On Wed, May 04, 2022 at 12:51:25PM +0200, Jan Beulich wrote:
> On 04.05.2022 12:30, Roger Pau Monné wrote:
> > On Wed, May 04, 2022 at 11:32:51AM +0200, Jan Beulich wrote:
> >> On 03.05.2022 16:50, Jan Beulich wrote:
> >>> On 03.05.2022 15:00, Roger Pau Monné wrote:
> >>>> On Mon, Apr 25, 2022 at 10:34:23AM +0200, Jan Beulich wrote:
> >>>>> While already the case for PVH, there's no reason to treat PV
> >>>>> differently here, though of course the addresses get taken from another
> >>>>> source in this case. Except that, to match CPU side mappings, by default
> >>>>> we permit r/o ones.
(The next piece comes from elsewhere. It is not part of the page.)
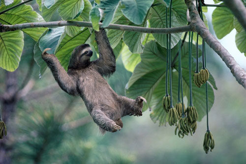 雖然三趾樹獺移動很緩慢,但是它們可以表達高難度“特技”,它們攀爬、懸吊和移動于樹枝之間,其柔軟的關節(jié)和長而有力的前肢使得它們行動十分靈活。

This then also means we now deal consistently with
> >>>>> IO-APICs whose MMIO is or is not covered by E820 reserved regions.
> >>>>>
> >>>>> Signed-off-by: Jan Beulich <jbeulich@xxxxxxxx>
> >>>>> ---
> >>>>> [integrated] v1: Integrate into series.
> >>>>> [standalone] v2: Keep IOMMU mappings in sync with CPU ones.
> >>>>>
> >>>>> --- a/xen/drivers/passthrough/x86/iommu.c
> >>>>> +++ b/xen/drivers/passthrough/x86/iommu.c
> >>>>> @@ -275,12 +275,12 @@ void iommu_identity_map_teardown(struct
> >>>>>      }
> >>>>>  }
> >>>>>  
> >>>>> -static bool __hwdom_init hwdom_iommu_map(const struct domain *d,
> >>>>> -                                         unsigned long pfn,
> >>>>> -                                         unsigned long max_pfn)
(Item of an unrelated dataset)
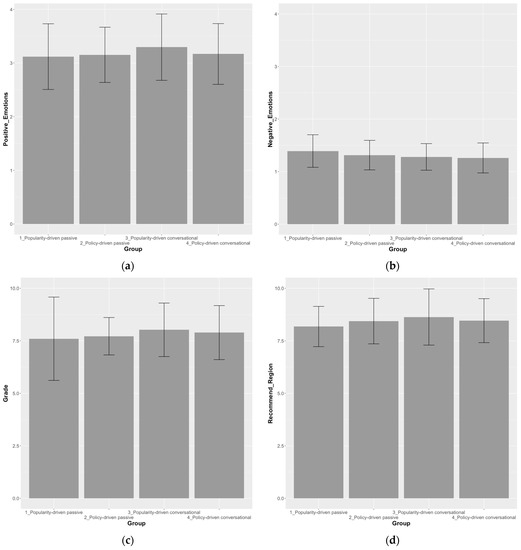 We analyzed the data in five stages. First, we described the experience and evaluation variables for the sample as a whole. Then, we examined differences on experience and evaluation between the four conditions (popularity-driven/passive, policy-driven/passive, popularity-driven/conversational, policy-driven/conversational) using conditional group means and one-way analysis of variance. The third and fourth stage of data analysis aimed to assess if participants in different conditions visited different locations.

> >>>>> +static unsigned int __hwdom_init hwdom_iommu_map(const struct domain 
> >>>>> *d,
> >>>>> +                                                 unsigned long pfn,
> >>>>> +                                                 unsigned long max_pfn)
> >>>>>  {
> >>>>>      mfn_t mfn = _mfn(pfn);
> >>>>> -    unsigned int i, type;
> >>>>> +    unsigned int i, type, perms = IOMMUF_readable | IOMMUF_writable;
> >>>>>  
> >>>>>      /*
> >>>>>       * Set up 1:1 mapping for dom0. Default to include only 
> >>>>> conventional RAM
> >>>>> @@ -289,44 +289,60 @@ static bool __hwdom_init hwdom_iommu_map
> >>>>>       * that fall in unusable ranges for PV Dom0.
> >>>>>       */
> >>>>>      if ( (pfn > max_pfn && !mfn_valid(mfn)) || xen_in_range(pfn) )
> >>>>> -        return false;
> >>>>> +        return 0;
> >>>>>  
> >>>>>      switch ( type = page_get_ram_type(mfn) )
> >>>>>      {
> >>>>>      case RAM_TYPE_UNUSABLE:
> >>>>> -        return false;
> >>>>> +        return 0;
> >>>>>  
> >>>>>      case RAM_TYPE_CONVENTIONAL:
> >>>>>          if ( iommu_hwdom_strict )
> >>>>> -            return false;
> >>>>> +            return 0;
> >>>>>          break;
> >>>>>  
> >>>>>      default:
> >>>>>          if ( type & RAM_TYPE_RESERVED )
> >>>>>          {
> >>>>>              if ( !iommu_hwdom_inclusive && !iommu_hwdom_reserved )
> >>>>> -                return false;
> >>>>> +                perms = 0;
> >>>>>          }
> >>>>> -        else if ( is_hvm_domain(d) || !iommu_hwdom_inclusive || pfn > 
> >>>>> max_pfn )
> >>>>> -            return false;
> >>>>> +        else if ( is_hvm_domain(d) )
> >>>>> +            return 0;
> >>>>> +        else if ( !iommu_hwdom_inclusive || pfn > max_pfn )
> >>>>> +            perms = 0;
> >>>>>      }
> >>>>>  
> >>>>>      /* Check that it doesn't overlap with the Interrupt Address Range. 
> >>>>> */
> >>>>>      if ( pfn >= 0xfee00 && pfn <= 0xfeeff )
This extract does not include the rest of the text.